Review: Mabel the Mafioso Dwarf

Mabel the Mafioso Dwarf Mabel the Mafioso Dwarf by Sherry Peters
My rating: 4 of 5 stars

I also read and reviewed the previous book in this series (via Netgalley, as with this one), and found it enjoyable enough that I picked up the second as well. While I thought it had some flaws, they're not fatal, and would be relatively simple to correct.

Once again, we have a freshened-up sword-and-sorcery world, charmingly rendered. It's surprising how a couple of elements from the USA in the 1930s (movies and gangsters) perk up a potentially paint-by-numbers D&D-style fantasy world, making the familiar tropes into background furniture rather than subjecting us to grinding through another dull iteration of them.

Mabel is a delightful heroine, authentically brave in a quiet and determined way. There isn't much outright action, and the story starts with a lot of preliminary throat-clearing and doesn't show us any conflict to speak of for a long time (one of the flaws I mentioned), but once the conflict does start I found it kept my interest. I did feel that Mabel perhaps triumphed a little too thoroughly, given the overall situation, but otherwise her success was satisfying.

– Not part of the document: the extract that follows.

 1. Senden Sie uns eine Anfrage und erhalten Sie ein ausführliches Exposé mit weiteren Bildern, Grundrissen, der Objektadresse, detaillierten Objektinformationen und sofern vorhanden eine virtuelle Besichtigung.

The writing had some basic (albeit common) issues. Most notable were commas before the main verb (and in other unnecessary places), and commas missing before terms of address, but to me the biggest problem was the long parade of simple declarative sentences. While the narrator was intended to be unsophisticated and naive, the writing style, to me, overdid that aspect. There were also a few other commonly-made errors: homonyms (backwards/backward, definitively/definitely, compliment/complement, reigns/reins, breech/breach), "a millennia" instead of "a millennium", "may" used where it should have been "might", and missing past perfect tense from time to time. All of these are errors that I see a lot of authors making, but there were quite a few of them, more than I felt there should have been in a book that credits an editor, from an author who has graduated from the Seton Hill MFA program and from Clarion.

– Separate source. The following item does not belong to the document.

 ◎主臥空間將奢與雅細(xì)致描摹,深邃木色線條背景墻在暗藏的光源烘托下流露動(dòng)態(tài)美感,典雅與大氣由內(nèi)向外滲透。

One thing I thought was mostly done well was the recap, reminding readers of what had gone on in the first book. Since I read that book a while ago, and have read a lot of others since, I needed the refresher. However, there were two things missing that I noticed: firstly, we're never explicitly reminded of what exactly the problem was with Mabel's mother that caused her exile, and secondly, there are several mentions of dwarfs braiding (or not braiding) their beards before we're reminded of what that signifies in their culture: that they're looking (or not looking) for a relationship.

Mabel's own relationships with family and friends were well explored, I thought, and made sense. Character and character relationships are definite strengths of the author, and with a bit more cutting to the chase and some revision on sentence structure and other writing basics, this would be an excellent book. As it is, it's entertaining and enjoyable.